### WORK TASK
From the line containing "比赛到了下半场,由于公司员工" through the last line of the entries below, print each line exactly. Pictures stay out.

STORED DATA section start

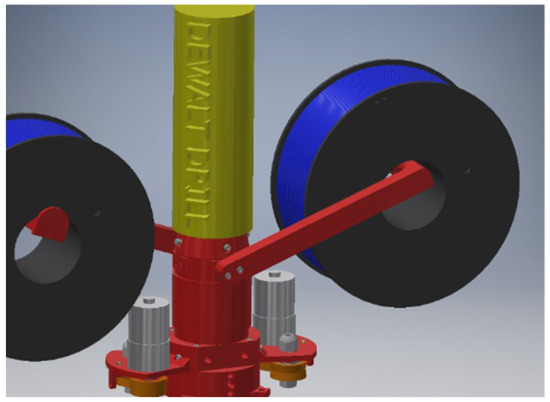 Figure 9. Rendering of the details of the spool arms of the open-source 3-D printable pelletizer chopper.
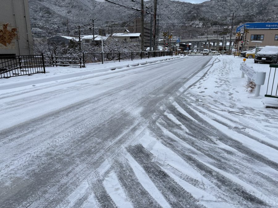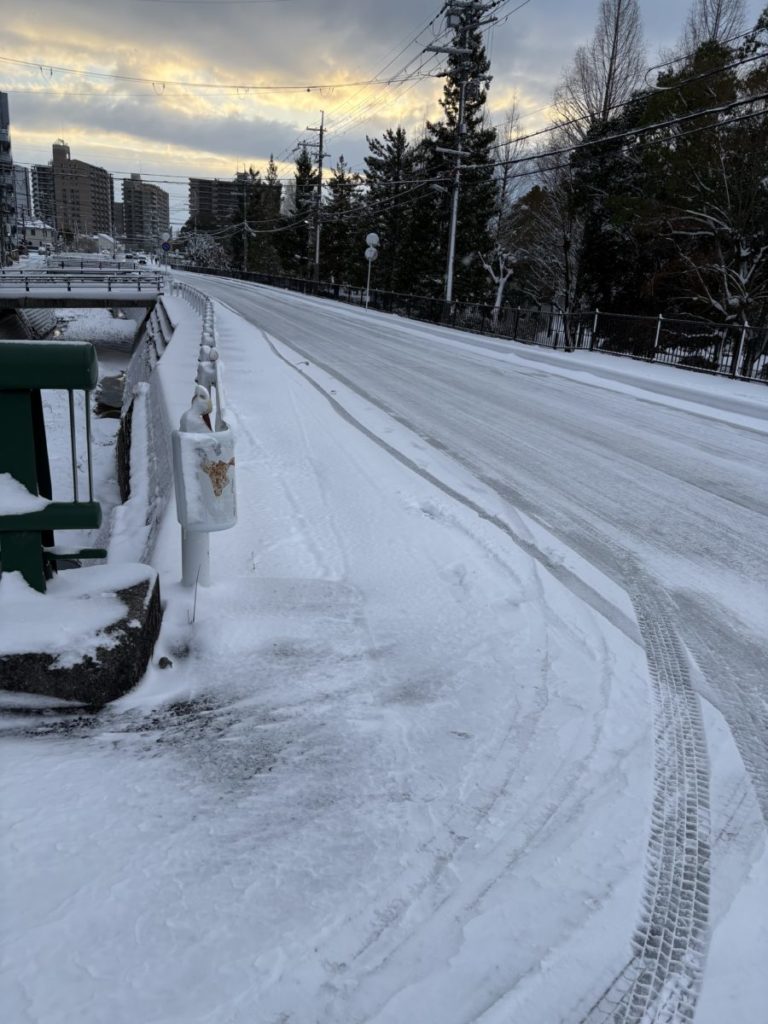 明けて9日の月曜日。朝起きると、窓の外はさらに白さを増していました。大津駅周辺でも数センチの積雪があり、路面はガチガチの凍結状態。
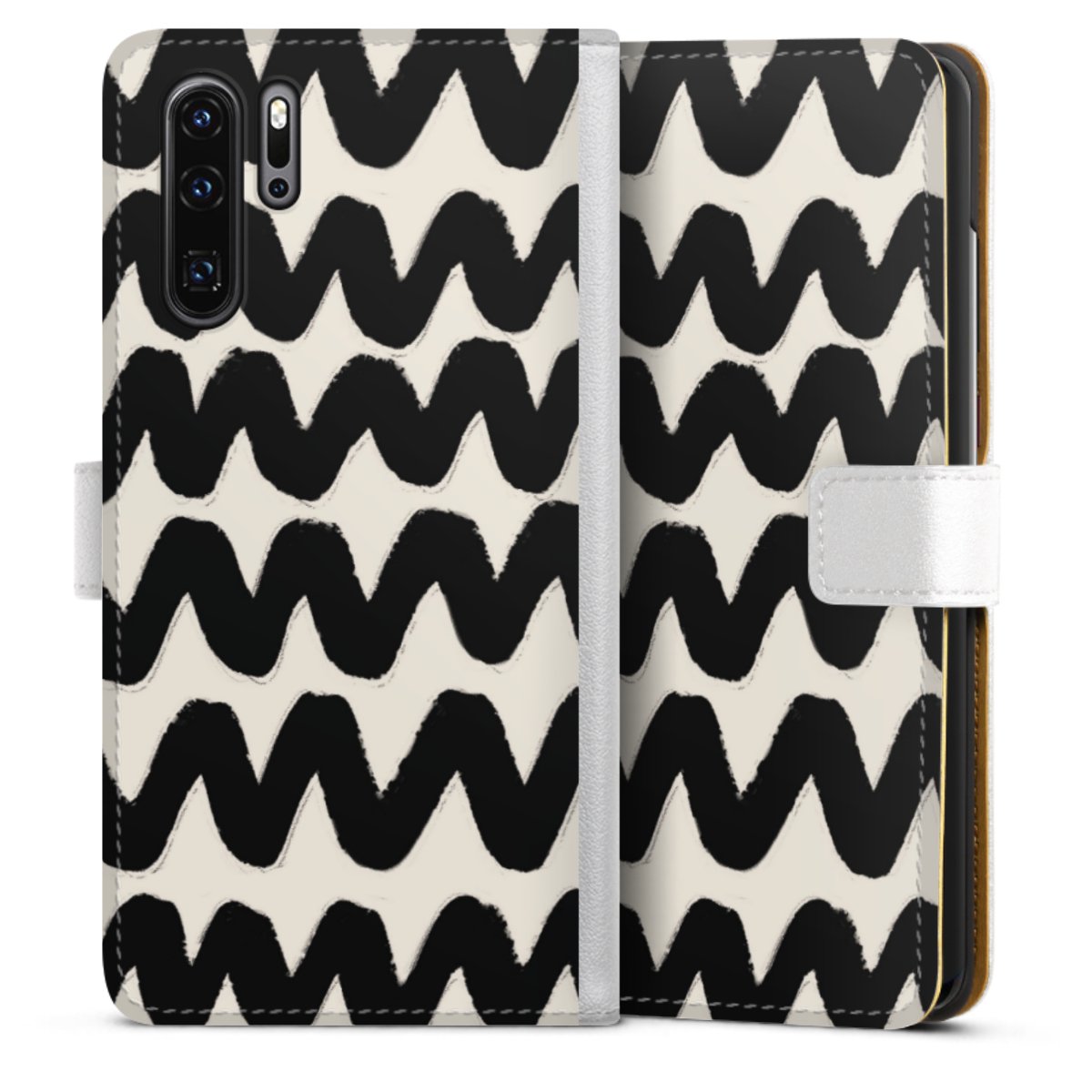For our Sideflip Case we are using our advanced direct printing technology. The back and frontside are fully printabale, the inside of the phone bag is left unprinted. You can order the phone case without print, printed completely or also with a partial print.
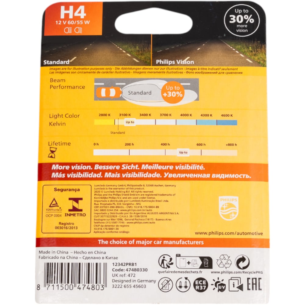 Автолампа PHILIPS H4 60,55 P43t-38+30 12V ,1,10 12342PRB1
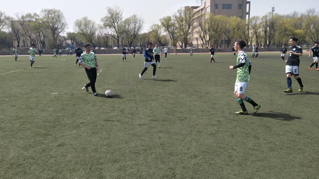 比赛到了下半场,由于公司员工人数较少,候补队员不足,导致受伤队员继续上场,使得比分逐渐拉大至5:1。到此,第三场比赛落下帷幕,选手们在比赛结束后的握手与交流,无不彰显着吉大学子友善谦和,友谊第一,比赛第二的品质与态度。提起团队,每个人心中都洋溢着自豪,足球文化就是有这样的感染力,无关胜负。足球带给每一位队员的,也早已经不只有胜负。
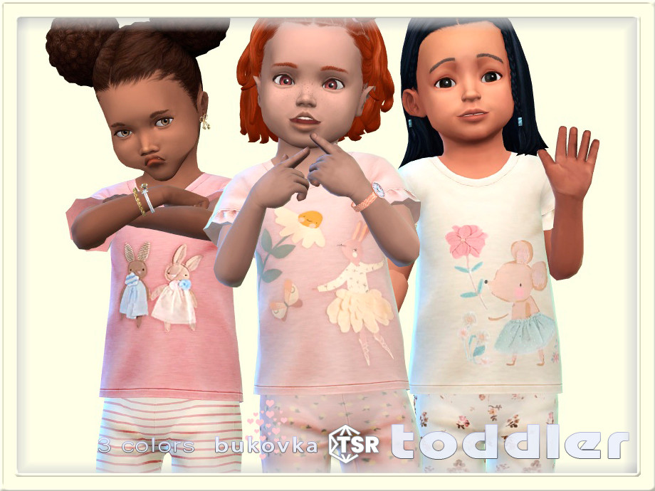 Cute T-shirt for toddlers only girls in 3 color options. New mesh mine, included. Installed separately, all cards are modified, suitable for the basic game.

STORED DATA section end

### RESPONSE FOR THIS EXERCISE
 比赛到了下半场,由于公司员工人数较少,候补队员不足,导致受伤队员继续上场,使得比分逐渐拉大至5:1。到此,第三场比赛落下帷幕,选手们在比赛结束后的握手与交流,无不彰显着吉大学子友善谦和,友谊第一,比赛第二的品质与态度。提起团队,每个人心中都洋溢着自豪,足球文化就是有这样的感染力,无关胜负。足球带给每一位队员的,也早已经不只有胜负。
 Cute T-shirt for toddlers only girls in 3 color options. New mesh mine, included. Installed separately, all cards are modified, suitable for the basic game.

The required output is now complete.